FOR INFORMATION CONTACT:
Don Jewler, ACCC Communications Director
301.984.9496, ext. 208
djewler@accc-cancer.org

For Immediate Release: September 16, 2005

Association of Community Cancer Centers’ Survey Reveals Need for Medicare Payment Adjustment to Adequately Capture Pharmacy Service Costs

Proposed Medicare payment rate to hospitals for pharmacy handling costs is woefully inadequate

ROCKVILLE, MD—A survey of hospital oncology pharmacists by the Association of Community Cancers (ACCC) reveals that pharmacy handling and overhead costs may account for approximately 30 percent of total drug costs. In stark contrast, the Centers for Medicare and Medicaid Services (CMS) is proposing to pay hospitals only 2 percent to cover these costs in 2006.

ACCC's survey findings are similar to those included in the June 2005 Medicare Payment Advisory Commission (MedPAC) report which suggests pharmacy service overhead costs make up 26 to 28 percent of total pharmacy costs. MedPAC is an independent advisory council that reports to Congress.

"To reach a reasonable compromise, ACCC is proposing that CMS implement a pharmacy service and handling add-on of at least 8 percent of average sales price (ASP)," said Deborah Walter, ACCC Senior Director of Policy and Government Affairs. "Based upon our extensive data analysis, increasing the add-on percentage from 2 percent to 8 percent would protect beneficiary access to drug therapy in the hospital setting while increasing projected total Medicare payments to hospitals by less than 1 percent (0.33 percent)."

ACCC appreciates the difficulty that CMS has in setting pharmacy service payment rates that would fully capture the overhead costs for preparing drugs within a budget neutral system. However, ACCC’s survey and the MedPAC report clearly suggest that more than a 2 percent add-on adjustment is warranted.

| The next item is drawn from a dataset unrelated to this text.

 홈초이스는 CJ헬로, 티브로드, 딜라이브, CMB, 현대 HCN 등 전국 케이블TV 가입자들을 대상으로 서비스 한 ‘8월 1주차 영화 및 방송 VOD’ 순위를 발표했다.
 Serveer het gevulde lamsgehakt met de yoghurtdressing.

"I am deeply concerned that the effect of this proposed reimbursement policy—coupled with CMS’s proposal to reduce payments by 50 percent to hospitals for select multiple diagnostic imaging procedures and cut reimbursement for administering drug therapies—could slowly dismantle multidisciplinary cancer care, which is certainly not CMS’s intent,” said Jeanne Musgrove, member of ACCC’s Governmental Affairs Committee. “Hospitals cannot continue to sustain these hits. It is critical to establish reimbursement rates that ensure hospitals are appropriately reimbursed for the services they provide," she added. Musgrove is cancer services director at Piedmont Medical Center in Rock Hill, South Carolina.

Additional information about ACCC’s pharmacy survey can be found here, and about ACCC analysis—here.

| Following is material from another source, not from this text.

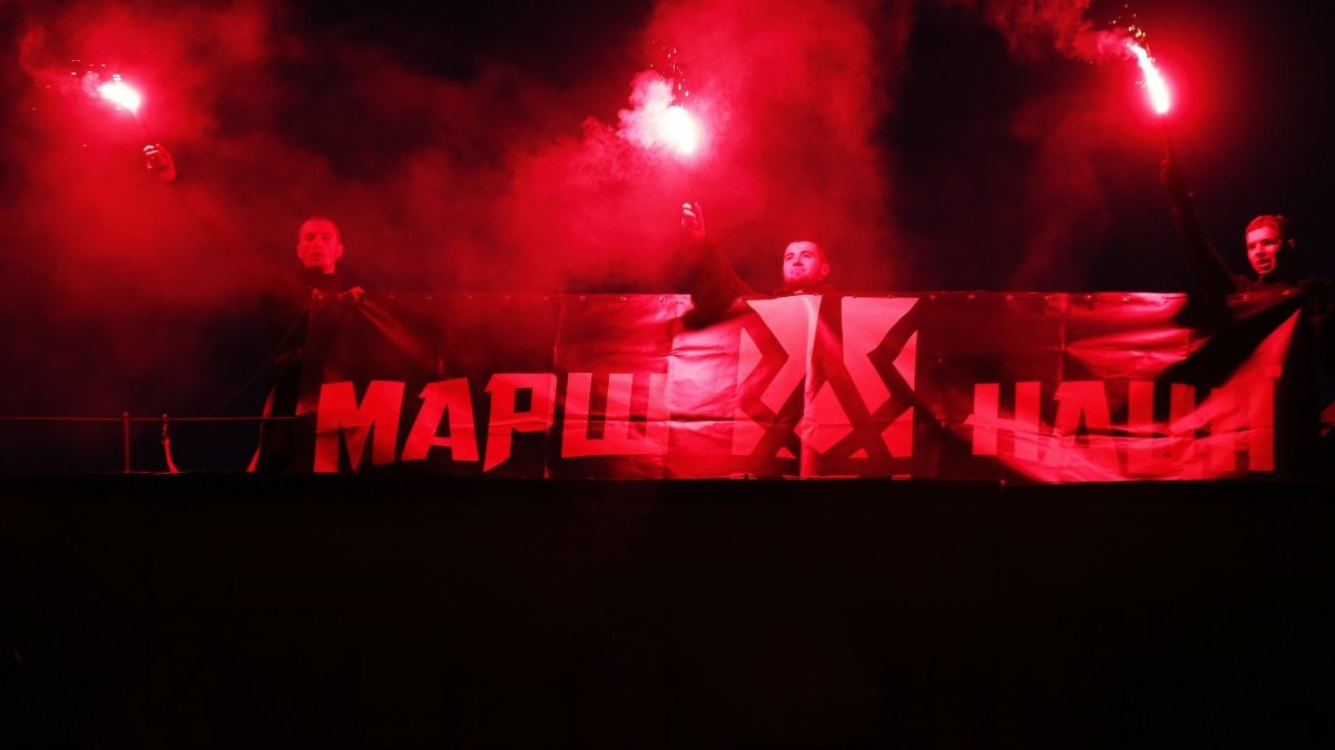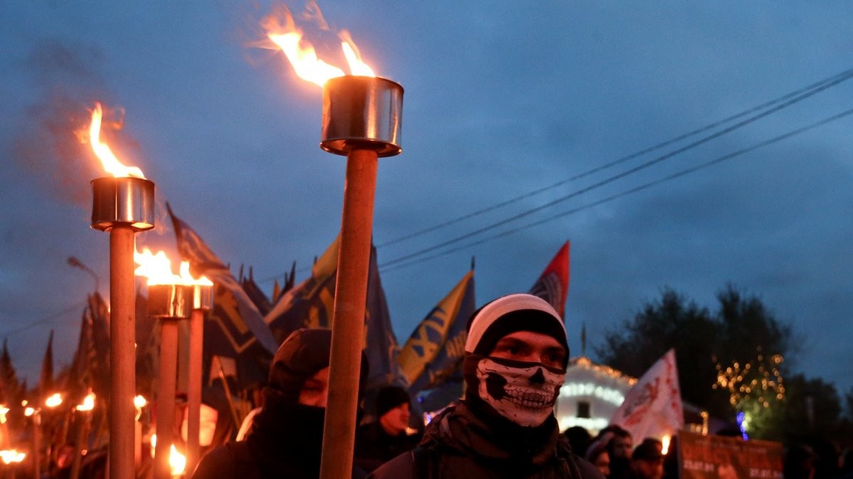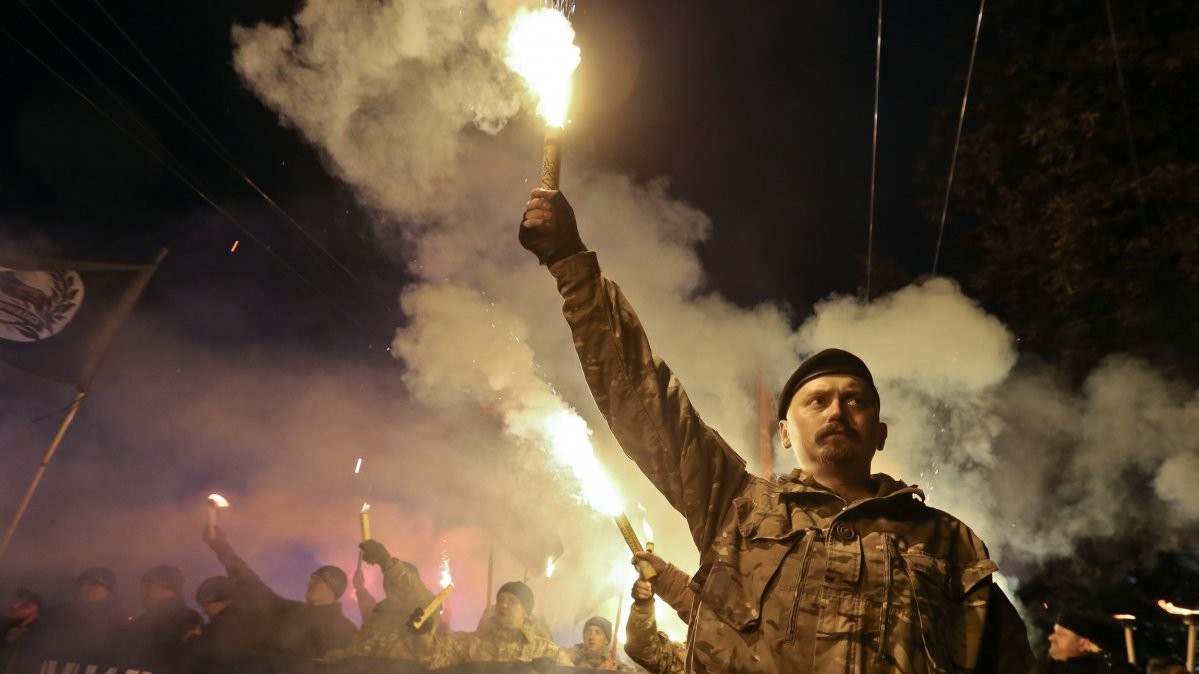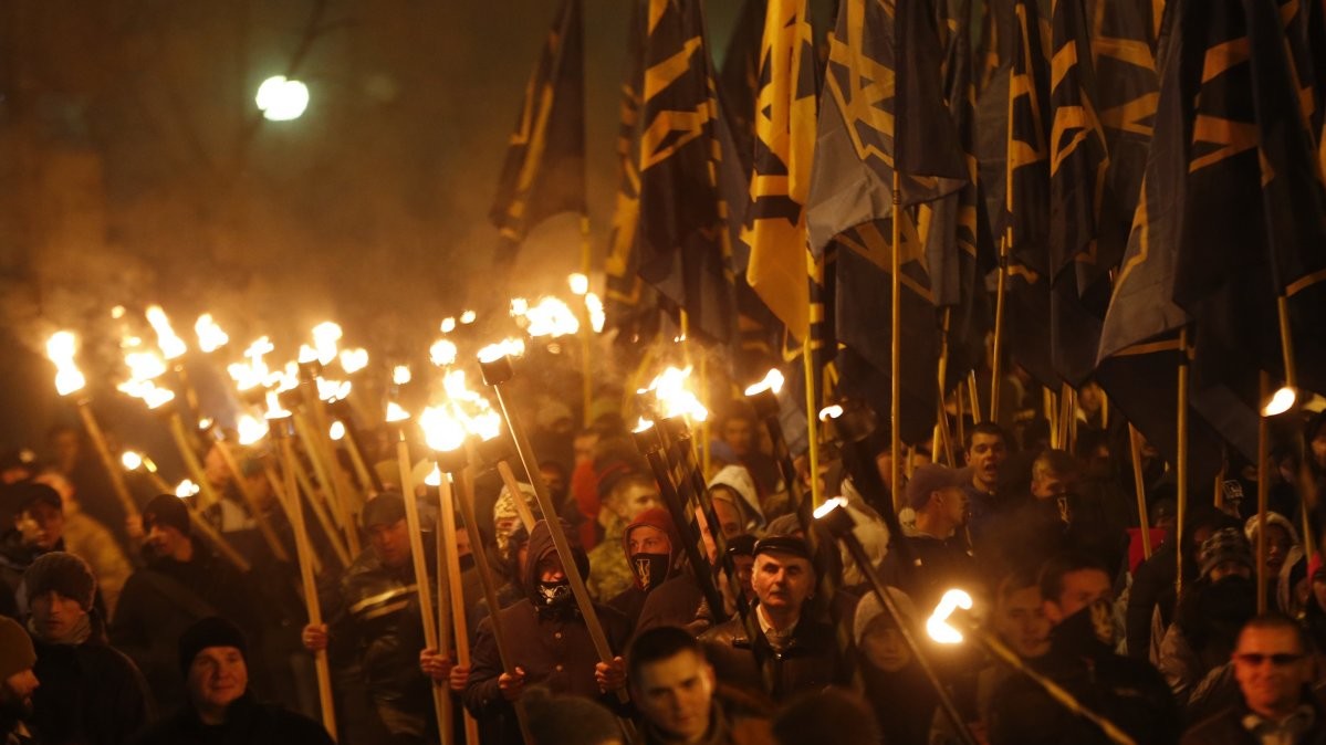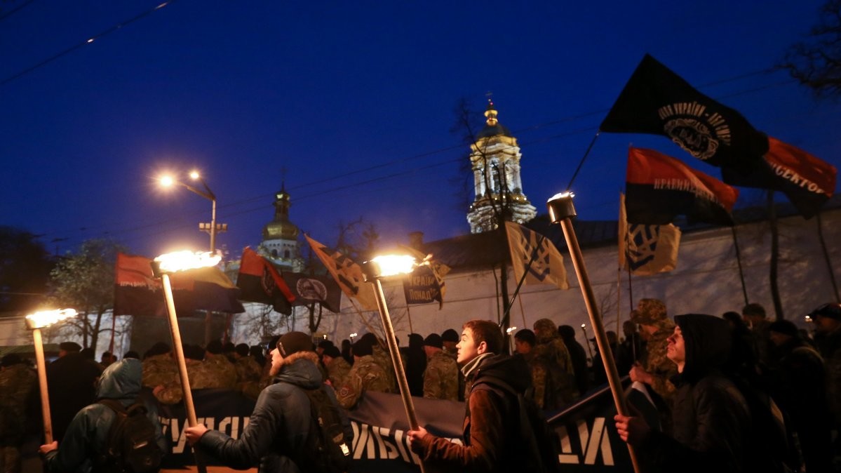 У Києві "Марш нації", який зібрав близько 5 тис осіб у п'ятницю, 14 жовтня, закінчив ходу на Софійській площі в центрі міста. Люди прийшли на площу з безліччю палаючих факелів, прапорами "Правого сектора", полку "Азов", національними прапорами.

The Association of Community Cancer Centers provides a national forum for addressing issues that affect community cancer programs, such as regulatory and legislative issues, measurements of the quality of care, and clinical research. Its unique membership of more than 650 hospital cancer programs and oncology private practices includes all members of the cancer care team: medical and radiation oncologists, surgeons, cancer program administrators and medical directors, oncology nurses, pharmacists, radiation therapists, oncology social workers, and cancer program data managers.